Digitization of Historical Maps in the Age of AI
So you’ve found some historical maps that might be useful for your research, and one thing standing between you and usable geographic data is digitizing them. It’s one of those tasks that sounds straightforward, but can quickly reveal itself as a massive time sink. Along with this, there can be real uncertainty about whether the data will ultimately be worthwhile to your study, and if processing is very time-intensive, lack of resources may still deem the exercise infeasible. I myself once spent a whole semester on a team of undergraduate researchers whose sole task was to digitize historical census maps – which, to my knowledge, ultimately did not make it into the study’s final strategy. That said, historical maps offer a unique set of invaluable information that might be left on the table in the absence of digitization efforts. With time being one of the most substantial hurdles to overcome, efficient digitization becomes a top priority.
It has long been possible to process large samples of historical documents containing structured or unstructured data using the help of various software, like ABBY FineReader, or OCR methods like PyTesseract. What’s more, the rise of AI and LLMs has made significant gains upon earlier tools, allowing researchers to systematically create usable data from a variety of sources whose underlying information is expressed in the form of language. What, then, is the state of such tools when it comes to historical sources of a spatial nature, like maps?
This question came to mind when I recently came upon a book by geographer Odile Hoffman, which, as described in the foreword, “guides us through [a] maze of dusty old maps” for one of my study countries, Belize. Historical parcel boundaries delineated in one of the maps piqued my interest – a set of polygons that could potentially become meaningful units of analysis for questions of historical land tenure.
Image from Hoffman (2014).
So I set out to see if now, in 2025, there exists a painless tool to automatically convert a map image into a shapefile of polygons. Surely a map like this, which already consists only of a white background and black boundary lines, would be well-suited to automation. To my surprise, there weren’t many AI-based options that claimed to be able to handle the task. The main product available in the AI space for this purpose seemed to be Bunting Labs, which offers plugins for QGIS, including an AI-enhanced vectorization tool and an AI assistant called “Kue”. The AI vectorization tool is intended to speed up the process of a user manually tracing over lines with the cursor to create vectors, starting with user input and generalizing to continue tracing detected lines in an auto-complete fashion similar to auto-complete text or code suggestions of other AI tools. The AI assistant, Kue, on the other hand, is intended to provide assistance with geoprocessing and visualization interactively via a chat interface within QGIS.

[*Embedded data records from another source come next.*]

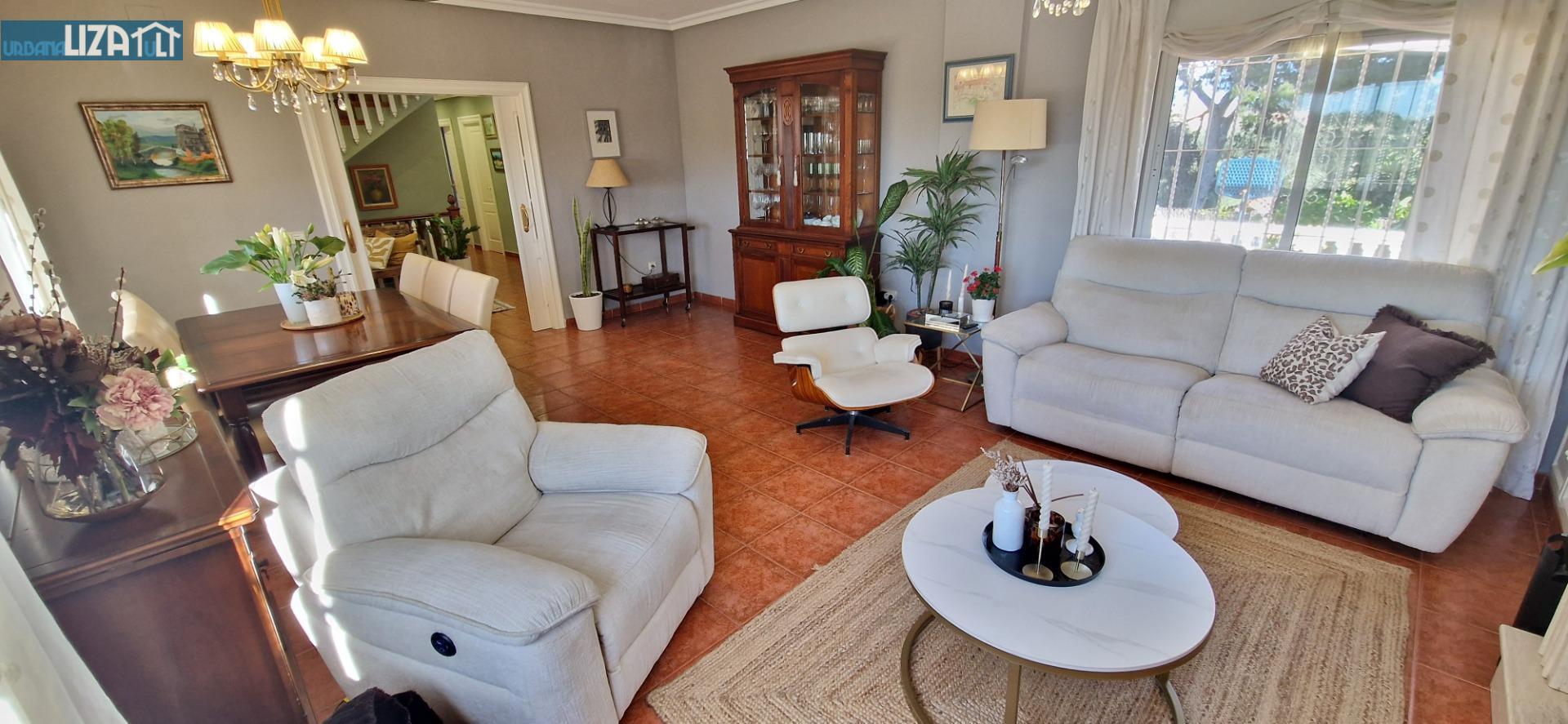 UL2V2265.- Urbana Liza se complace en presentar este espléndido chalet, una joya inmobiliaria que combina confort, elegancia y funcionalidad. Distribuido en dos amplias plantas, es el hogar perfecto para familias que valoran un estilo de vida sofisticado. En la primera planta hallamos tres generosas habitaciones dobles; dos de ellas cuentan con armarios empotrados que optimizan el espacio. El salón comedor destaca por su chimenea acogedora, creando un ambiente cálido e íntimo ideal para reuniones familiares o cenas especiales. La cocina ha sido completamente reformada hace apenas un año: equipada con una moderna isla central ofrece tanto practicidad como estética contemporánea; además incluye un cuarto de baño renovado equipado con plato de ducha moderno. Pasando a la segunda planta descubrimos la habitación principal donde cada detalle ha sido cuidadosamente pensado; cuenta no solo con amplitud sino también vestidor y baño completo privado igualmente actualizado recientemente. Dentro del chalet encontramos una práctica planta sótano perfecta como despacho o zona recreativa infantil desde donde accedemos al garaje personal capaz para albergar hasta dos vehículos. Cuando salgamos al exterior nos sorprenderá la hermosa parcela ajardinada perfectamente cuidada junto una espectacular piscina privada diseñada para disfrutar durante los días soleados. Adicionalmente dispondremos de una cómoda cocina externa provista decocción horno barbacoa ofreciendo el escenario idóneo para crear momentos inolvidables en compañía de familia amigos. Completamente dotada de calefacción integral y servicios básicos disponibles (agua corriente, electricidad),esta propiedad te enamorará desde el primer instante. No pierdas esta oportunidad única! Ven a conocerla y déjate seducir.
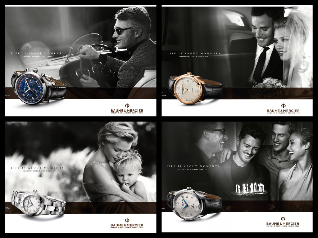 Infine la pubblicità sulla carta stampata, croce e delizia di editori e direttori, ha avuto un concorrente temibile nella TV, soprattutto per orologi destinati a un vasto pubblico, e poi in rete, perché i siti delle Case informano, sia pure solo come splendidi cataloghi, su tutta la produzione. L’atteggiamento delle aziende verso l’web sta cambiando. C’è chi non lo considera e ognuno in casa sua è padrone di scegliere, c’è invece chi come Baume&Mercier vi si è convertito impostando una campagna “on e off line” con fotografie di Peter Lindbergh, che illustrano i sentimenti di un regalo (un Linea, un Capeland, un Clifton) scelto per una ricorrenza familiare.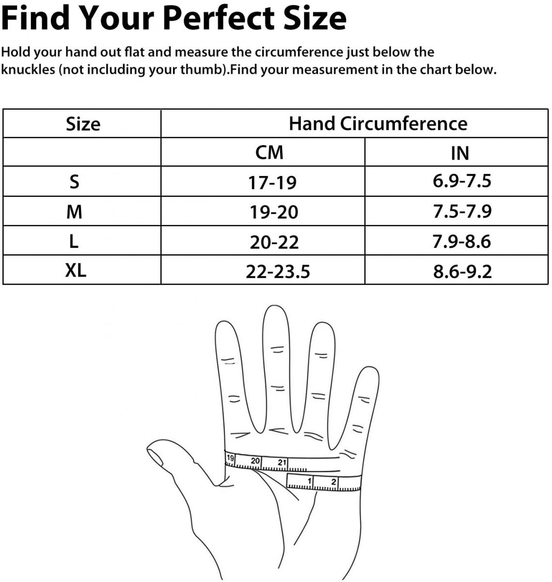 - ENCUENTRE SU TAMAÑO: Mida la circunferencia de su mano plana, y elija entre: Pequeño (se adapta a 17-19cm), Mediano (se adapta a 19-20cm), Grande (se adapta a 20-22cm), Extra Grande (se adapta a 22-23.5cm). Si el tamaño de su mano está en la mitad, le recomendamos que seleccione el tamaño más grande.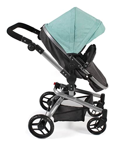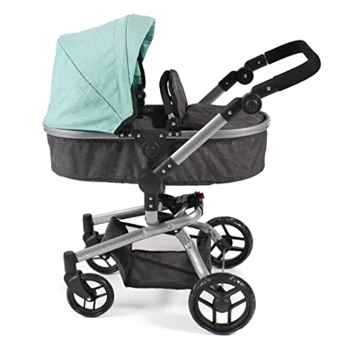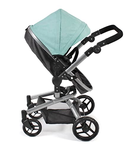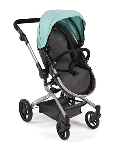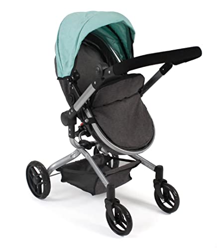 Puppenwagen Yolo, 2in1 Kombipuppenwagen für Kinder von 4 bis 8 Jahren, Melange Anthrazit-Mint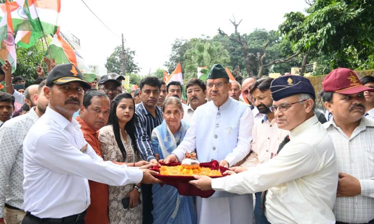 शहीद सम्मान यात्रा 2.0 के तहत शहीद लेफ्टिनेंट प्रतीक आचार्य के आंगन की मिट्टी ली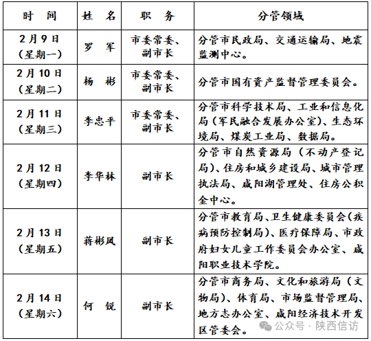 为进一步畅通信访渠道,方便人民群众及时就地反映诉求、解决问题,现将2月9日—2月14日咸阳市市级领导公开接访安排公布如下: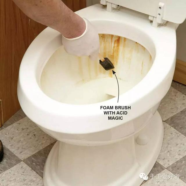 马桶污渍:马桶后侧容易残留水渍和污垢,用海绵刷蘸白醋刷洗几次很快就干净了。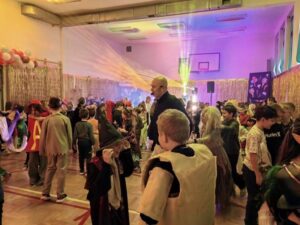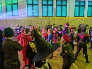 Zabawa choinkowa to jedno z najbardziej oczekiwanych wydarzeń w kalendarzu imprez naszej szkoły. 30 stycznia 2026 r. sala gimnastyczna naszej szkoły zamieniła się w salę balową i zgromadziła uczniów przebranych w różnorodne stroje – od postaci bajkowych, przez superbohaterów, aż po postaci z bajek.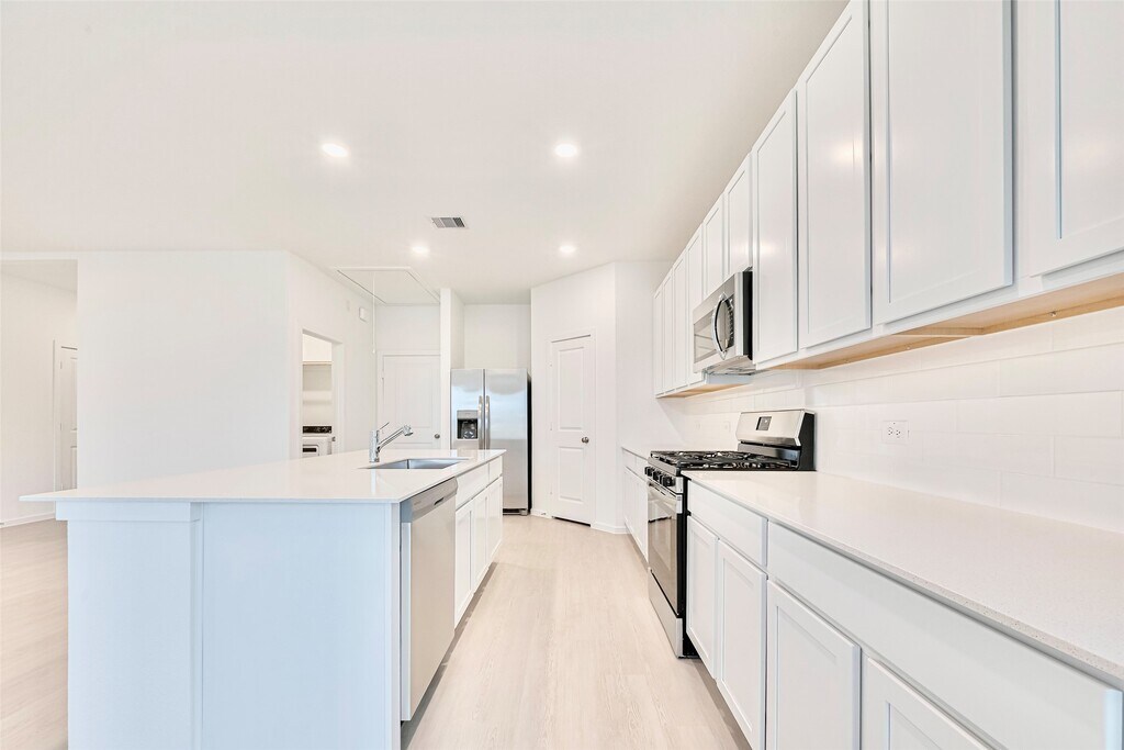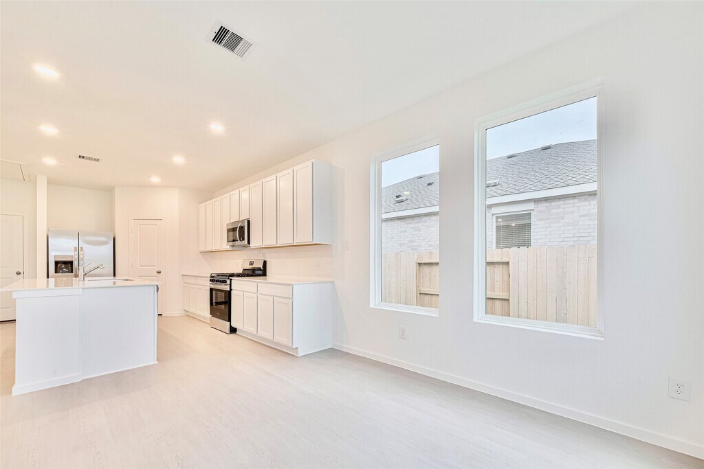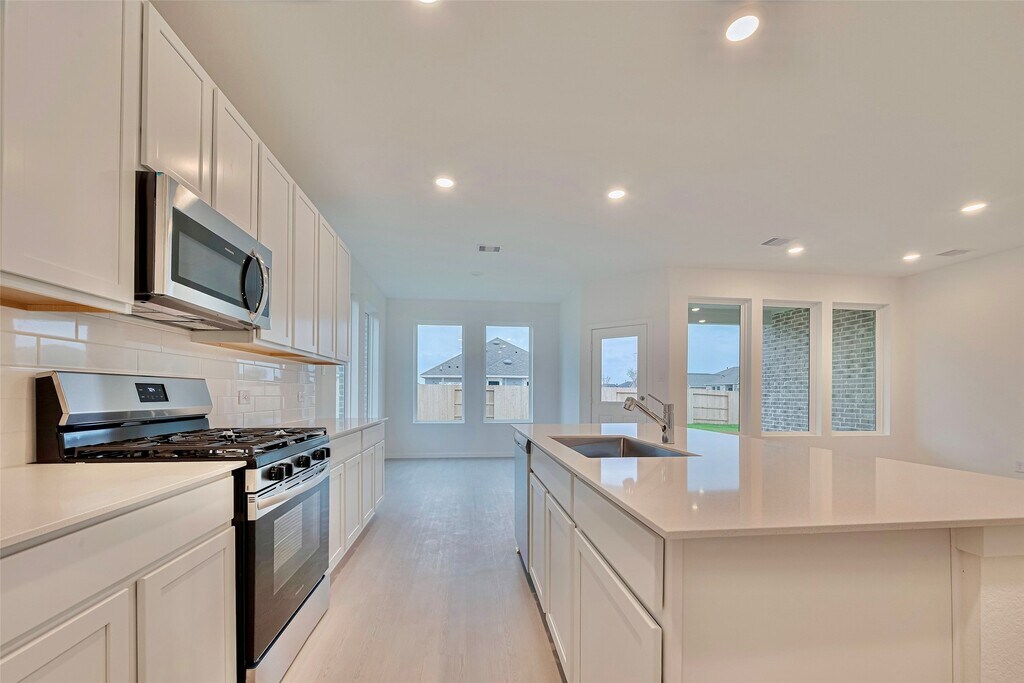 Lots of windows overlooking your backyard!!! Come see this COZY 3 bedrooms - 2 bath NEW home with HIGH CEILINGS,SS appliances,KITCHEN ISLAND,COVERED PATIO,WASHER,DRYER,FRIDGE and big backyard with SPRINKLERS SYSTEM . This home is zoned to new A+ High School in Katy. The layout between the kitchen,nook and family room along with access to the covered patio for year-round outdoor lounging,makes it perfect for easy entertaining,A luxe owner's suite is in a rear of the home and comes complete with an en-suite bathroom and walk-in closet. There are two secondary bedrooms at the front of the home,ideal for KIDS,OFFICE and overnight guests. PICKLEBALL COURT AND COMMUNITY POOL COMING THIS SUMMER MLS# 15458409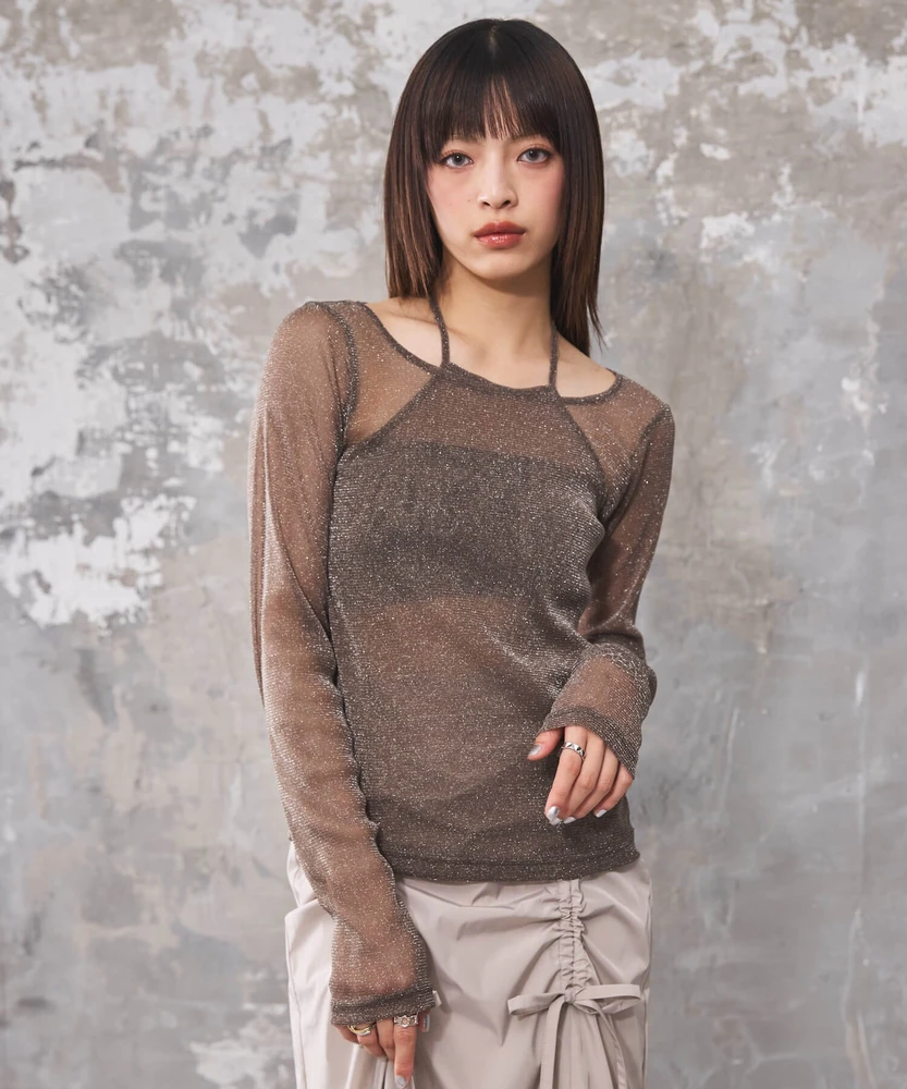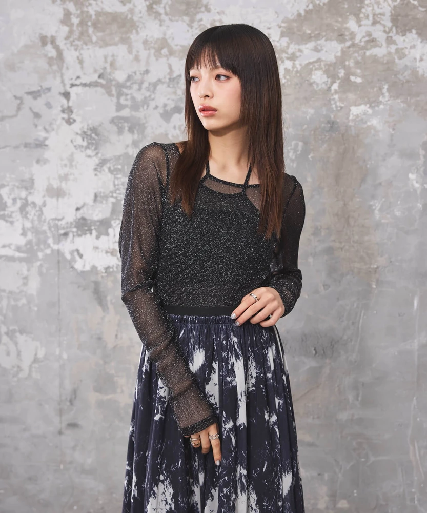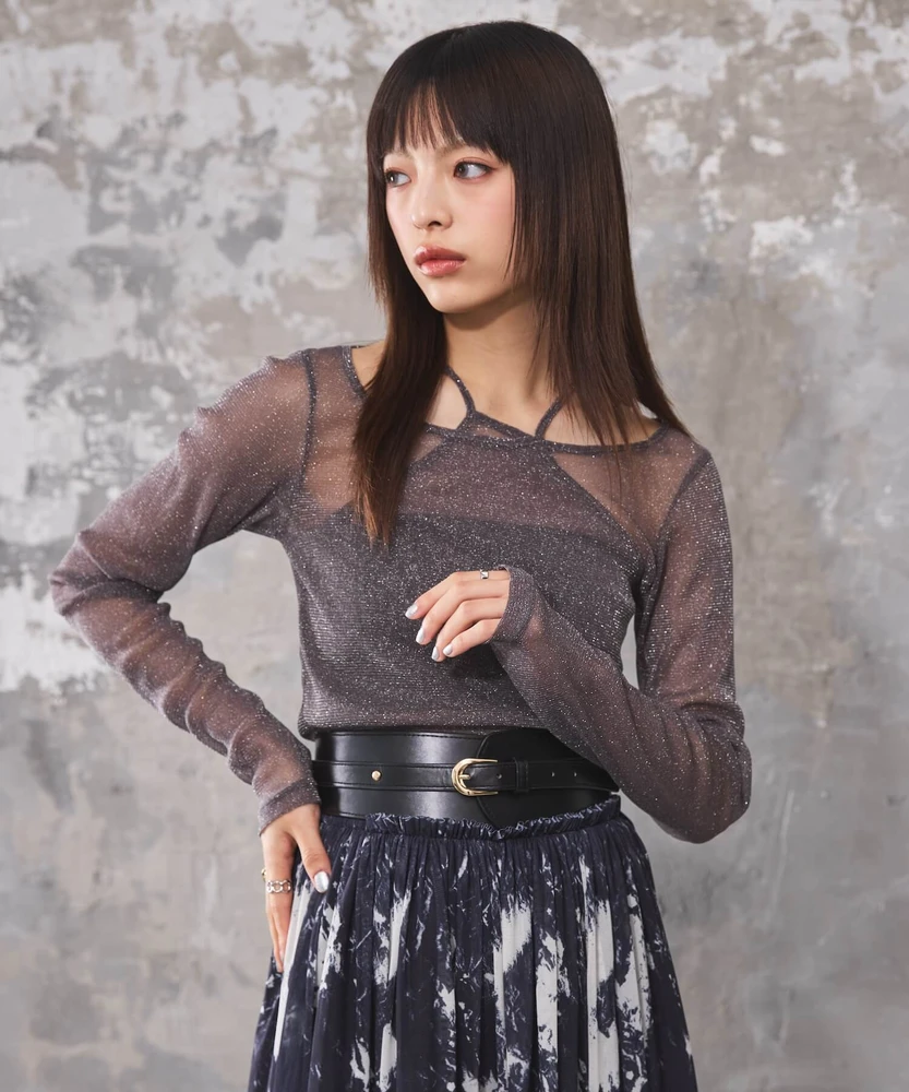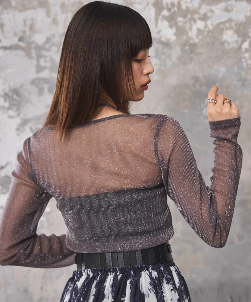 ラメ入りシアートップスがそれぞれのシーンでお洒落かつかっこいいスタイルを引き立てます。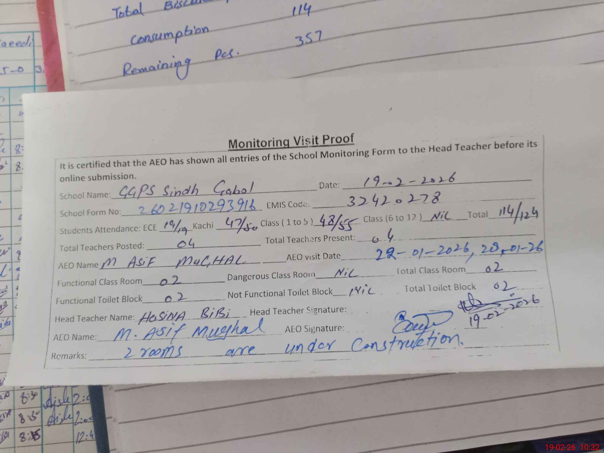 | EMIS Code: 32420278 | Name of School: GGPS SINDH GABOOL | |||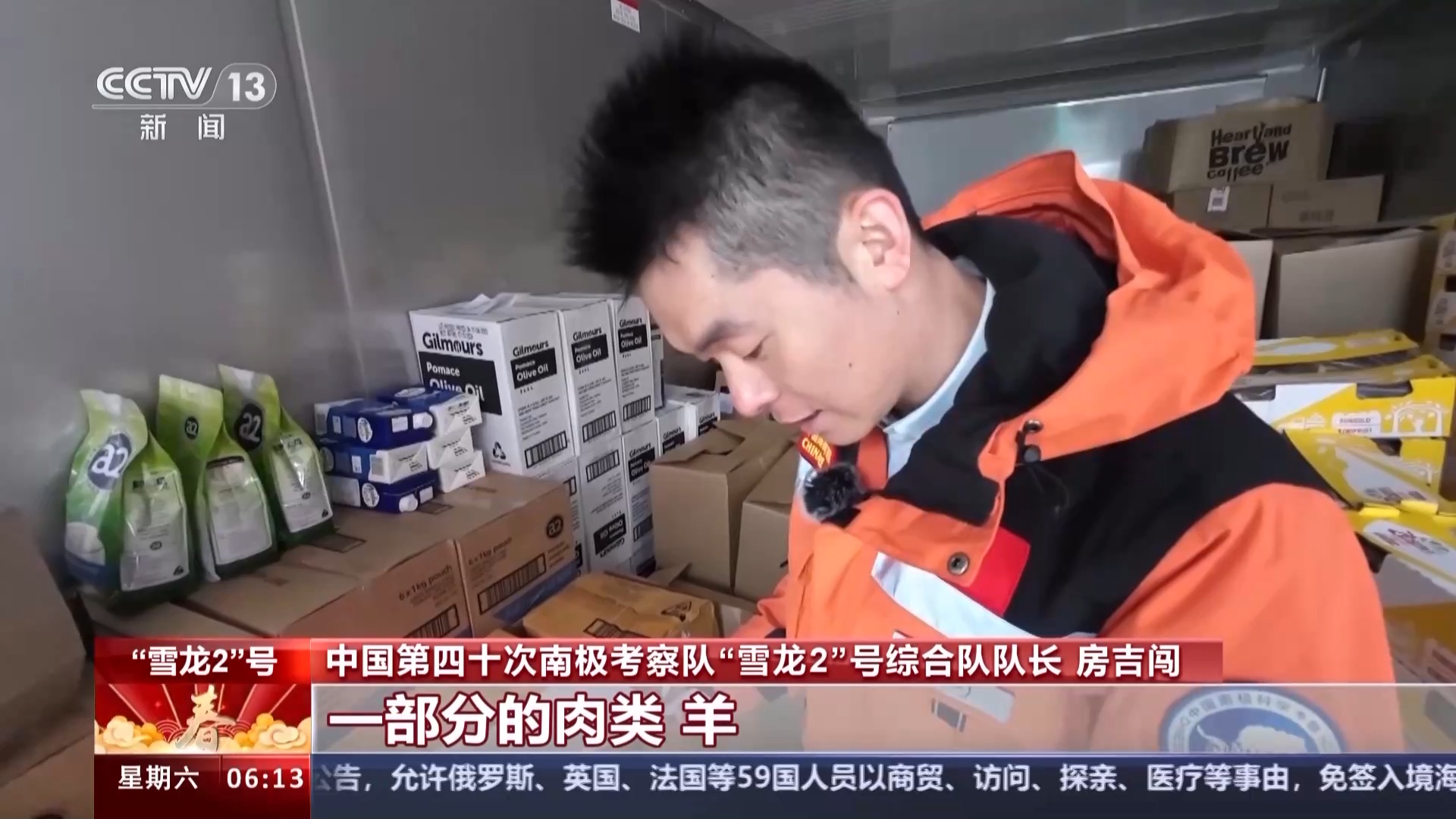 中国第四十次南极考察队“雪龙2”号综合队队长 房吉闯:大多数是蔬菜和水果,一部分的肉类、羊还有些水、巧克力啥的,再就是春节的一些装饰用品。

While both products seem to have potential for value-add, they weren’t quite up to the task in my case. First, I found that the low resolution of my particular image resulted in low performance of the automatic vector completions. The low resolution caused significant pixelization of diagonal lines and curves, which the automatic vector completion struggled with. I would guess that there are strategic ways to provide the best human input for improving the autocompletion results in such challenging cases, but at the lowest subscription tier (albeit, on the free trial) I quickly reached my daily limit of 40 chunks per day of autocompletion after only getting through a few polygons, and would have to stop for the day lest I upgrade to a higher tier.
Low-resolution boundary lines.
Nonetheless, for a manual vectorization workflow involving tracing lines by hand, the automatic vectorization tool might be helpful. But QGIS already has built-in tools for converting images to vector formats in a more automated fashion as an alternative to the manual approach of tracing over lines one by one. These include QGIS native tools like “polygonize”, and GRASS tools like r.to.vect.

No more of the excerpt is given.